Raissa was only 13 when she was diagnosed with cancer. Never naïve about the diagnosis, Raissa once told her distraught mother, “Mom, if I don’t win this battle, I will be with Jesus…what’s so bad about that?” Raissa’s mental and physical response to cancer is grounded to an eternal perspective. With that child-like faith, Maloy came to realize that her daughter Raissa was His in the first place. Maloy shared, “From the moment everything aligned and she (Raissa) started her journey, her cells formed in a way that He planned as His great hands molded her, formed her…and now, with the most devastating of diagnoses, guided her.” For some cancer survivors, the unfortunate chapter of having that illness eventually cured by science is just like a bump down the road. They resume their pre-cancer lifestyle as if nothing happened and trying to make the most out of this second chance in life.

Raissa, still a teenager, thinks and acts differently as she continually carries on this cross, brought about by cancer, as something win-win. If she survives, she will have more time with her siblings and her parents. If she does not, she will be reunited with Jesus. Either way, “what’s so bad about that?”

The outlook of George and Raissa can be summed up in Psalms 73:26: “My heart and my body may fail, but God will always make me strong. He is all that I will ever need.”

We will all struggle but we know it will be temporary. We will all fail at one point yet we shall endure. In the case of George and Raissa, their outlooks exemplify what Psalms 73:28 tells us, “But it is good for me to be near to God. I have made the Lord God the safe place where I hide. I will tell people about the good things that you do.” The struggles they live with are lessons they have learned and have shared, not to glorify themselves but to glorify our Almighty God.

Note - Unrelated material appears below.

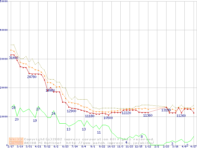 Socket A (Thunderbird,PGA,FSB 200MHz,L2 256KB)の最安値推移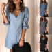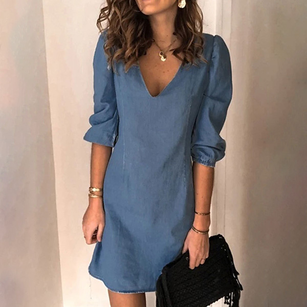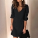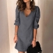 Your wardrobe will feel new and refreshing with this dress! Solid color style,crafted from soft and breathable fabric,this dress can offer you a comfortable day,while the v-neck design can enhance your feminine appeal. From your busy workdays to weekend out,this dress can give you an easy transition.

So, the next time we face a seemingly unfair treatment or a painfully agonizing situation, let’s remind ourselves what Raissa said, “what’s so bad about that?”

A former infantry and intelligence officer in the Army, Siegfred Mison showcased his servant leadership philosophy in organizations such as the Integrated Bar of the Philippines, Malcolm Law Offices, Infogix Inc., University of the East, Bureau of Immigration and Philippine Airlines. He is a graduate of West Point in New York, Ateneo Law School, and University of Southern California. A corporate lawyer by profession, he is an inspirational teacher and a Spirit-filled writer with a mission.